Step-by-Step Instructions:
- Use the Sales table from Exercise 1
- Goal: Create a report with descriptive labels instead of NULLs for subtotals
- Write the enhanced query with labels:
SELECT CASE WHEN GROUPING(Region) = 1 THEN '**ALL REGIONS**' ELSE ISNULL(Region, 'Unknown') END AS Region, CASE WHEN GROUPING(Category) = 1 THEN '**ALL CATEGORIES**' ELSE ISNULL(Category, 'Unknown') END AS Category, SUM(Amount) AS TotalSales, COUNT(*) AS TransactionCount, AVG(Amount) AS AvgSale, CASE WHEN GROUPING(Region) = 1 AND GROUPING(Category) = 1 THEN 'Grand Total' WHEN GROUPING(Region) = 1 THEN 'Region Subtotal' WHEN GROUPING(Category) = 1 THEN 'Category Subtotal' ELSE 'Detail' END AS RowType FROM Sales GROUP BY ROLLUP (Region, Category) ORDER BY GROUPING(Region), Region, GROUPING(Category), Category; - Run and review the report: Notice how subtotals are clearly labeled and easy to understand
- Enhance further with formatting:
SELECT CASE WHEN GROUPING(Region) = 1 THEN '**ALL REGIONS**' ELSE Region END AS Region, CASE WHEN GROUPING(Category) = 1 THEN '**ALL CATEGORIES**' ELSE Category END AS Category, FORMAT(SUM(Amount), 'C') AS TotalSales, COUNT(*) AS Transactions, CASE GROUPING_ID(Region, Category) WHEN 0 THEN '📊 Detail' WHEN 1 THEN '📈 Category Total' WHEN 2 THEN '📊 Region Total' WHEN 3 THEN '🎯 GRAND TOTAL' END AS Level FROM Sales GROUP BY ROLLUP (Region, Category) ORDER BY GROUPING(Region), Region, GROUPING(Category), Category;
💡 Tips:
- Always label subtotal rows: Makes reports much more readable for end users
- Use bold markers for totals: Convention like '**ALL REGIONS**' or '**TOTAL**' helps them stand out
- Combine multiple aggregates: Include SUM, COUNT, AVG for comprehensive insights
- Use GROUPING_ID in CASE: Create different labels/formatting for each aggregation level
- Format currency properly: Use FORMAT() function for currency, percentages, etc.
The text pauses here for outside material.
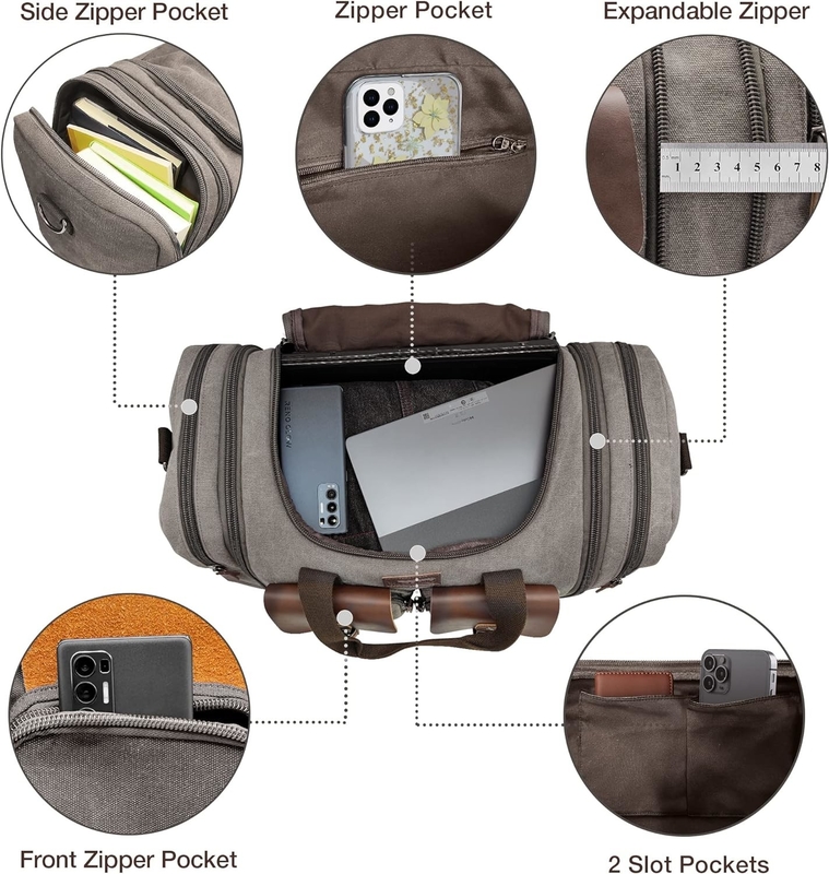 El robusto lienzo grueso, el cuero de alta calidad y el hardware resistente y las suaves cremalleras SBS lo convierten en una gran bolsa de viaje con mango acolchado para llevarla cómodamente.No hay necesidad de preocuparse por la calidad.

- Order matters for readability: Sort by GROUPING() first to group detail and summary rows
✅ Expected Result: A professional, clearly labeled summary report with multiple aggregation levels and descriptive labels
🔄 Connection to Previous Learning: Combines SQL aggregation with report formatting, similar to Excel's subtotal feature with custom labels (Day 7)
Independent Practice (60 min):
💡 Hints for Independent Practice:
- Start simple: Begin with basic variations before attempting complex modifications
- Break it down: Divide complex problems into smaller, manageable steps
- Test incrementally: Verify each step works before moving to the next
- Use documentation: Refer to official docs or tutorials when needed
- Experiment: Try different approaches to find what works best
Apply the concepts learned to different datasets and scenarios.
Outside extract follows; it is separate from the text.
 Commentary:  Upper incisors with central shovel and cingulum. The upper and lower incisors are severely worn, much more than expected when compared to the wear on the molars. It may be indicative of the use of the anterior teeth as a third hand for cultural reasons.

Daily Assignment (60 min):
Assignment:
- GROUPING SETS:Create report showing sales by (Category), (Region), (Category + Region), (Total)
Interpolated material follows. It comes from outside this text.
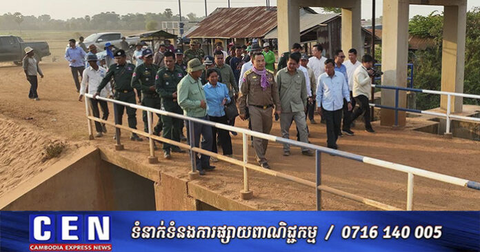 កំពង់ធំ ៖ ឯកឧត្ដម នួន ផារ័ត្ន អភិបាលនៃគណ:អភិបាលខេត្តកំពង់ធំ បានដឹកនាំក្រុមការងារជំនាញចុះពិនិត្យ និងស្វែងរកដំណោះស្រាយជូនប្រជាកសិករ ដែលកំពុងខ្វះខាតទឹក ក្នុងការបង្ករ បង្កើនផលស្រូវ នៅភូមិមួយចំនួន ក្នុងភូមិសាស្ត្រស្រុក ៣ រួមមាន៖ ស្រុកកំពង់ស្វាយ, ស្រុកស្ទោង និងស្រុកប្រាសាទបល្ល័ង្គនារសៀលថ្ងៃទី២៣ ខែមករា ឆ្នាំ២០២៥នេះ ។

- ROLLUP:Hierarchical summary by Year → Quarter → Month with subtotals
- CUBE:Cross-tabulation of sales by Region and Product Category (all combinations)
- Labeled Subtotals:Use GROUPING() with CASE to label rows as 'Category Total', 'Region Total', 'Grand Total'
- Performance Analysis:Compare performance of GROUPING SETS vs multiple queries
Expected Outcomes:
- Use GROUPING SETS for multiple aggregations
- Create summary reports with ROLLUP
- Generate cross-tabulations with CUBE
- Understand subtotals and grand totals
- Master multi-dimensional analysis
📝 Day 22 Quick Quiz - Test Your Knowledge!
Q1. What advanced concept is introduced in Day 22?
Q2. How can Day 22 skills improve your workflow?
Q3. What prerequisite knowledge does Day 22 assume?
Q4. What's a real-world application of Day 22 content?
Q5. What distinguishes Day 22 from earlier lessons?